过了好一会儿,她才慢慢想起刚才发生了什么。
记忆像潮水一样涌回来——霍执压在她身上,霍执吻她,霍执喊她的名字,一遍又一遍。还有那两只耳朵,毛茸茸的,白绒绒的,在她手心里颤抖。
宛婠把脸埋进枕头里,闷哼了一声。
“睡醒了?”
一道低沉的声音从旁边传来。
宛婠猛地转头,牵动了脖子上的肌肉,疼得宛婠“嘶”了一声。
霍执侧躺在她旁边,一只手撑着头,银发垂落在额前,金色的眼睛在昏暗中亮得像两颗星星。
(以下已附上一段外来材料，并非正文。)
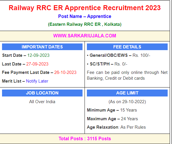 Post Description – RRC Railway Recruitment Cell is inviting online applications for Apprentice for 3115 posts. Interested people meet all the eligibility criteria, apply online Details Of Recruitment Of Railway RRC ER Apprentice Online Form 2023Posts Name – Apprentice Number Of Posts – 3115 Posts Category Wise Posts – Howrah Division- 659 Posts Liluah Workshop- 612 Posts Sealdah Division- 440 Posts Kanchrapara Workshop- 187 Posts Malda Division- 138 Posts Asansol Workshop- 412 Posts Jamalpur Workshop – 667 Posts STIPEND – As Per Rules Education Qualification – 10 Passed And ITI / NCVT Certificate in Related Trade. How to Apply Online Railway RRC ER Apprentice Online Form 2023– Candidates can apply through link provided below or they can also apply through official site of the Railway Recruitment Cell before 26/October/2023. Required Documents For Online Application – Educational Mark sheet And Certificates Aadhar Card / Pan Card Passport Size Photo Signature Selection Mode – Written Exam Merit List

他没有穿上衣,只穿了一条黑色的长裤,肩背的线条和腹肌轮廓在昏暗中若隐若现,锁骨上方有一道细细的红痕——
她抓的。
霍执看着她,嘴角微微勾着,像是一只终于吃饱了一顿,餍足,慵懒,浑身上下每一个毛孔都散发着意气风发的气息。
“饿不饿?”
宛婠看着霍执,张了张嘴,没发出声音。
她清了清嗓子,又张了张嘴,终于是说出了一个字:
“……饿。”
声音哑得像含着沙子。
霍执的嘴角弯了弯,从床头柜上端过一个托盘。
托盘上放着一碗粥,一碗汤,一碟小菜,还有一杯温水。
粥还冒着热气,是刚热好的。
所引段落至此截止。